Aphids are small, sap-sucking insects. Some of them feed on more than one type of plant— for example, apple grass aphids feed on young new leaves and blossoms of apples until the beginning of summer when they migrate to oats, grasses and reeds for the rest of the season. Others feed on just one food source, like the lime leaf aphid, which feeds only on limes. Many different species exist, impacting a huge range of broad-leaf trees and shrubs.
Aphids reproduce asexually and their populations can grow quickly to an unmanageable size.
Aphid reproduction is mainly asexual. Most aphids seen on plants are females that are capable of giving birth to live young. As summer temperatures increase, young aphids mature in approximately one week, resulting in a rapid rise in population when conditions are favourable. Their reproductive potential is so great that it has been calculated that a single aphid could produce approximately ten million aphids after 10 days of summer breeding.
Browning damage on a hedge from cypress aphids.

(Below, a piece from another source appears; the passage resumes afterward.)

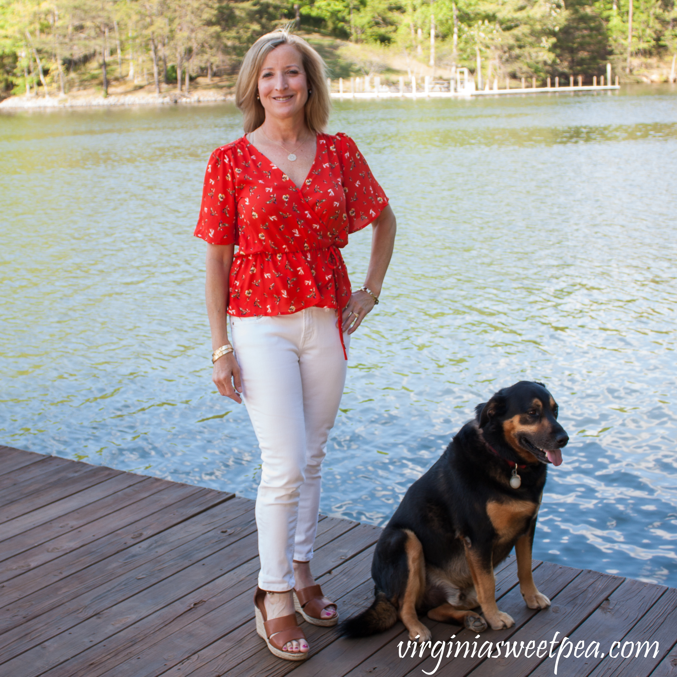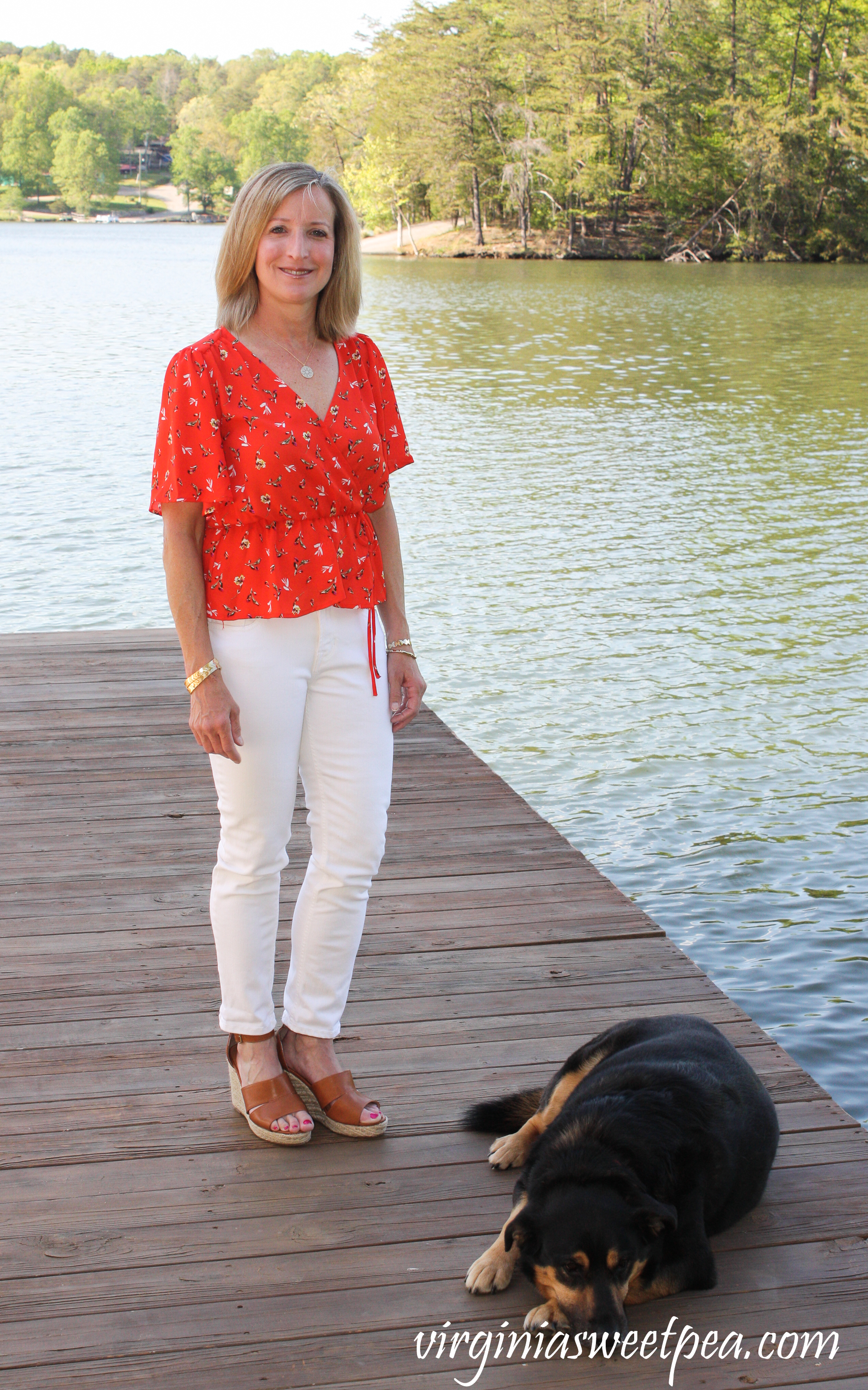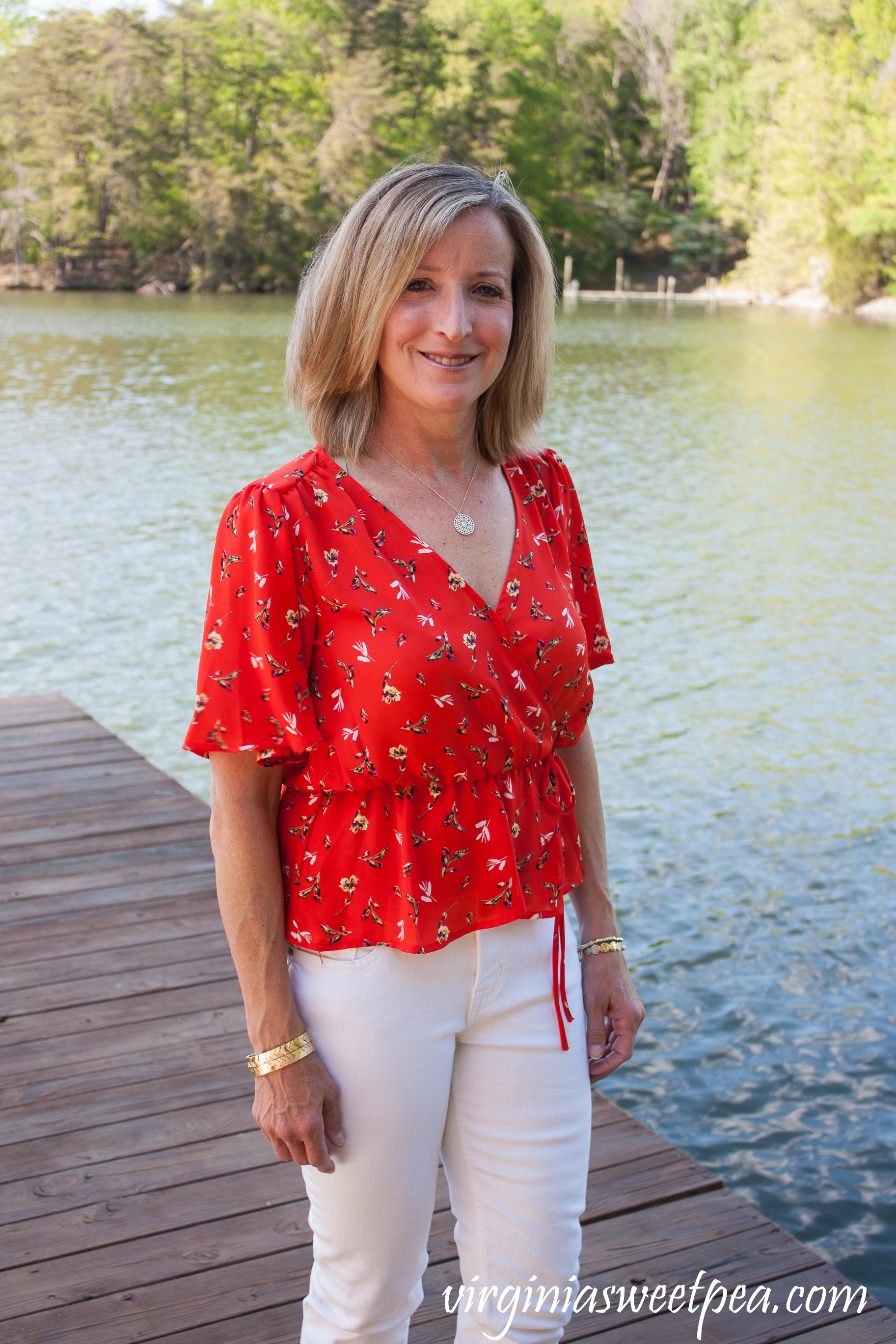 Red is my favorite color and a wrap dress is my favorite style, so I knew that I would like this wrap style blouse.
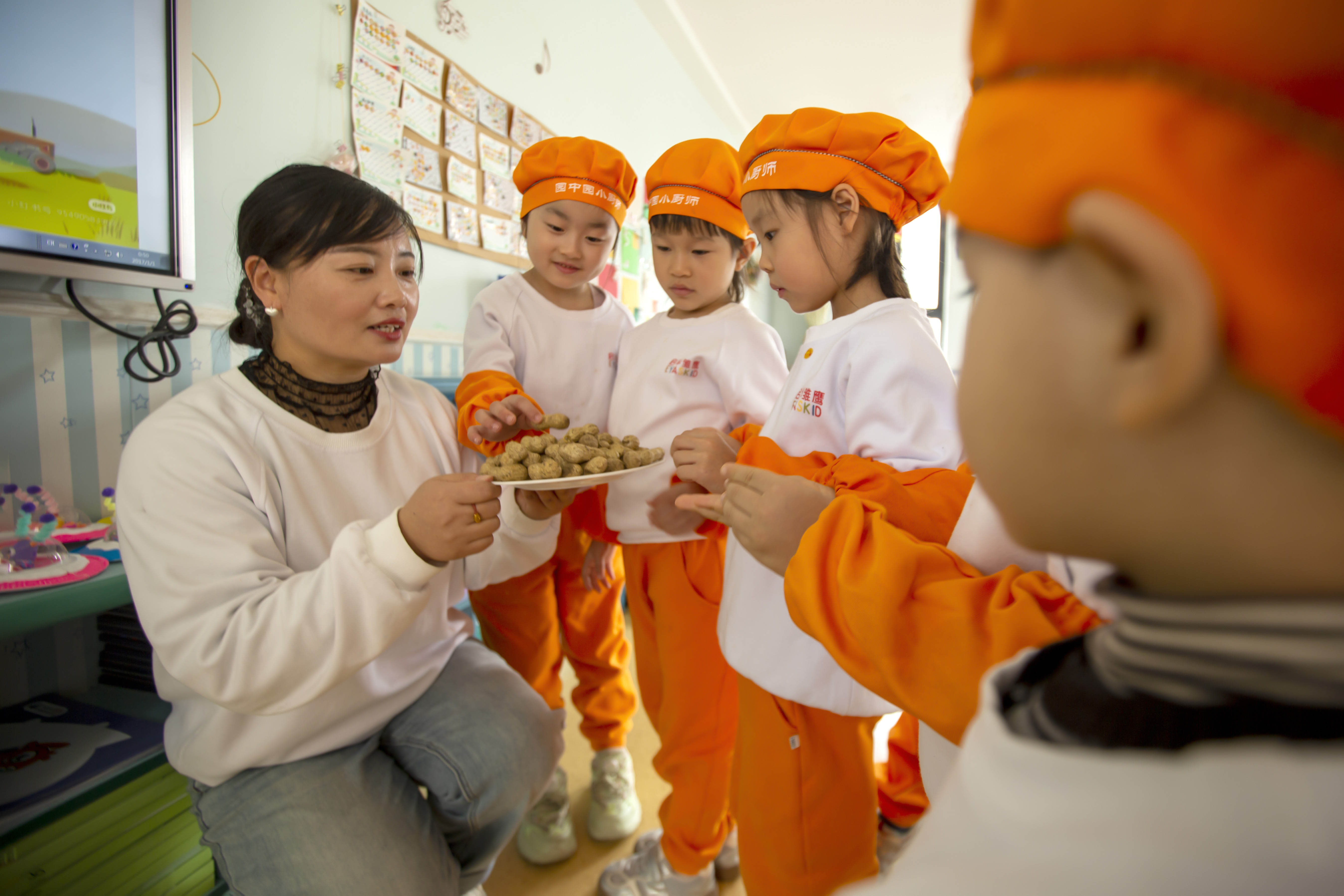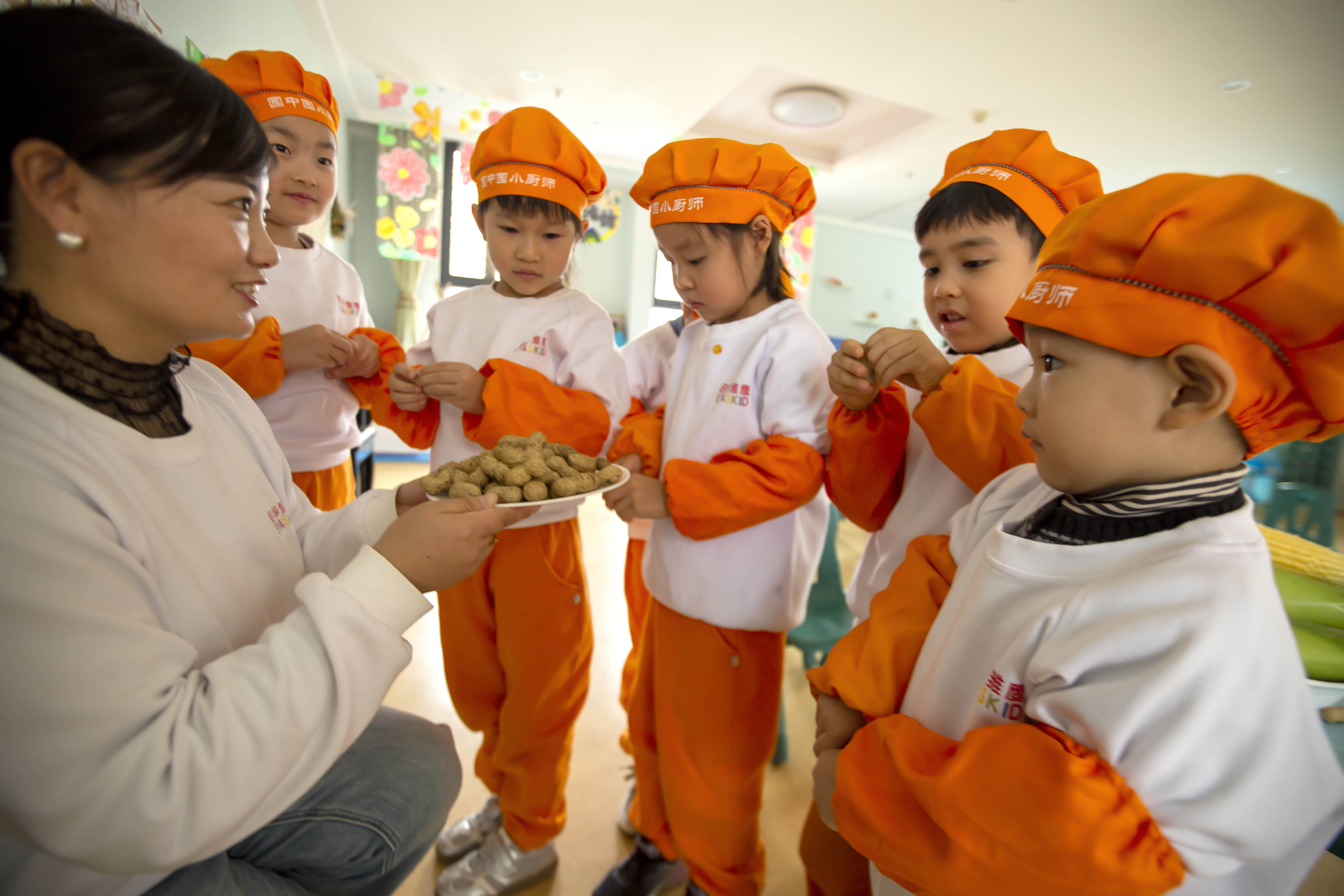园长李老师手托一盘鲜花生,让孩子们充分认识并记住它长什么模样。

Aphid damage to trees results from the effects of the insect’s feeding upon young tissue, which weakens and distorts new growth. Secondary effects result from fouling of the leaves and stems with honeydew, which encourages the growth of a fungus known as sooty mould. Transmission of viruses carried from diseased to healthy plants via the aphids’ stylets and their saliva is also an issue.
Arborists should make a careful examination of trees for the first signs of damage and determine a course of treatment based on the individual needs of each case. Winter washes on dormant trees during December and January may also be helpful. Proper timing and selection of materials used will make treatment of aphids most effective.